I actually enjoy this film a lot and think that the 1972 setting was great. The teens in the film weren’t annoying and actually were all pretty likable and cool characters. Even the villain, Johnny Alucard had a great presence and is still, to this day, one of my favorite vampire characters in film history. His death was a little bizarre though.
The film also features Caroline Munro as Dracula’s first sacrifice. She was a Bond girl in The Spy Who Loved Me, a few years, later and she is one of my all-time favorite girls in that film series. Here, she was a bit younger, just as beautiful and really captured the scenes she was in.
Christopher Lee didn’t get as much screen time as I would like but he still owned the scenes he was in and it was nice seeing Dracula and Van Helsing facing off once again.
The Satanic Rites of Dracula (1973):
Release Date: November 3rd, 1973 (UK) Directed by: Alan Gibson Written by: Don Houghton Based on:Dracula by Bram Stoker Music by: John Cacavas Cast: Christopher Lee, Peter Cushing, Joanna Lumley, Michael Coles, Freddie Jones
Hammer Film Productions, Warner Bros. Pictures, 87 Minutes
This is the final film in the Hammer Dracula series. It is also the weakest.
For the most part, this film is enjoyable because it features Christopher Lee as Dracula and Peter Cushing as Van Helsing and it is their final showdown. And frankly, I’ll watch any film with either man in it and especially any film with both of them in it.
Taking place in the modern era, like the previous film, this one misses its mark somewhat. Where its predecessor was campy and fun, this one was extremely dark, fairly gorey and was the first film in the series with lots of gratuitous nudity.
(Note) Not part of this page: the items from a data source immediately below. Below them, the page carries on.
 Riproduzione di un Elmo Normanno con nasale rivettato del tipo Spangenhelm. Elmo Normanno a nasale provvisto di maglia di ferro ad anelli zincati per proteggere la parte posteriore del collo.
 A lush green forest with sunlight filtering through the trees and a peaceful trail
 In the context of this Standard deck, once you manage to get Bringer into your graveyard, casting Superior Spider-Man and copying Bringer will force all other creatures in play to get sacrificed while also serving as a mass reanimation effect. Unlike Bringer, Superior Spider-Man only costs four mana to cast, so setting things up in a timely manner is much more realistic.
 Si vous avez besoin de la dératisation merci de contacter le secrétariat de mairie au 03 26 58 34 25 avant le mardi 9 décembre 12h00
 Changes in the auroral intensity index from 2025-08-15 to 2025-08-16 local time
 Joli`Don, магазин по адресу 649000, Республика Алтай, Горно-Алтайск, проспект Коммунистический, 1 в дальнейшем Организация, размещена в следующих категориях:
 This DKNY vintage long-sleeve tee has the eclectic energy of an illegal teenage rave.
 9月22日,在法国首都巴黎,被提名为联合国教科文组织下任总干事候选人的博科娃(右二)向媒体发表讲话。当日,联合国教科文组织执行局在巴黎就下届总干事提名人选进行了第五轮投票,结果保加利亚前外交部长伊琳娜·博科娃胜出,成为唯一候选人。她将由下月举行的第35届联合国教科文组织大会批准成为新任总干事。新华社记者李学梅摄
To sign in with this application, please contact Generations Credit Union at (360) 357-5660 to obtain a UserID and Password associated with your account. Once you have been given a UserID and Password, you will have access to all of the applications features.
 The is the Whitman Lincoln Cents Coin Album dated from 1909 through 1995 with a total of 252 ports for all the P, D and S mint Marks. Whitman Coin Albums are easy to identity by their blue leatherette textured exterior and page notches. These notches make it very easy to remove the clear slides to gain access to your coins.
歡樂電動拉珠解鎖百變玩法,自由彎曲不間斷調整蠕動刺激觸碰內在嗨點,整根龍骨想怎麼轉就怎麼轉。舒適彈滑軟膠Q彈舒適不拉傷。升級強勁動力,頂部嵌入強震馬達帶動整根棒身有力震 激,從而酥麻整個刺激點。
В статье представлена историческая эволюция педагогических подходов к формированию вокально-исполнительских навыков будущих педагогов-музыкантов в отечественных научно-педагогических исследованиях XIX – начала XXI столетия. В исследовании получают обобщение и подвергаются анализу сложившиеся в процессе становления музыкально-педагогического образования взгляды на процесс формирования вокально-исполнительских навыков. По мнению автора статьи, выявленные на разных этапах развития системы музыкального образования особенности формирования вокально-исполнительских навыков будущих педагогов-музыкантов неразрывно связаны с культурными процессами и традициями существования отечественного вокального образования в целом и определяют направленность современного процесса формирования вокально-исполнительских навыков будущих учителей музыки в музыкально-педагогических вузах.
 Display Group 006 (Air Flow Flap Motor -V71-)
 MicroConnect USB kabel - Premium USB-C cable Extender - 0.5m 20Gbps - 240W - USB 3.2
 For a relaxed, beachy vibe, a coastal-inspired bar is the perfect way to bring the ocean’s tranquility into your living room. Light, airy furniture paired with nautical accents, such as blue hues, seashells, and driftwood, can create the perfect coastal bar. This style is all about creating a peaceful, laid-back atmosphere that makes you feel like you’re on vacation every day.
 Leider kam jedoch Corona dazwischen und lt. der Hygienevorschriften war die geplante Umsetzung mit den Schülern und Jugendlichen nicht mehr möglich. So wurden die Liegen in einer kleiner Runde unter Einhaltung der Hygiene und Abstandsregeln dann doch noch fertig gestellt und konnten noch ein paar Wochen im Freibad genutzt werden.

In fact, I don’t think there was nudity at all in any of the previous Hammer Dracula movies.
Now I am not one to complain about nudity but the use of it in this film doesn’t really fit the vibe and style of the series. And where I would let kids watch most of the other films, I’d have to keep this one hidden on a higher shelf in my DVD library.
I feel like they should have ended the series with the previous film. This just felt forced and neither Cushing nor Lee looked all that interested in this picture when they were on screen. At least the film before this had some charm.
*There is another film with Peter Cushing as Van Helsing. It is “The Legend of the Seven Golden Vampires”. Dracula is also in the film but he is not played by Christopher Lee. Also, this isn’t a straight up Hammer Horror film, it is actually a co-produced horror/kung-fu flick that was a collaboration between Hammer and Shaw Brothers (a prominent kung-fu studio at the time). I will review this at some point, I’m sure.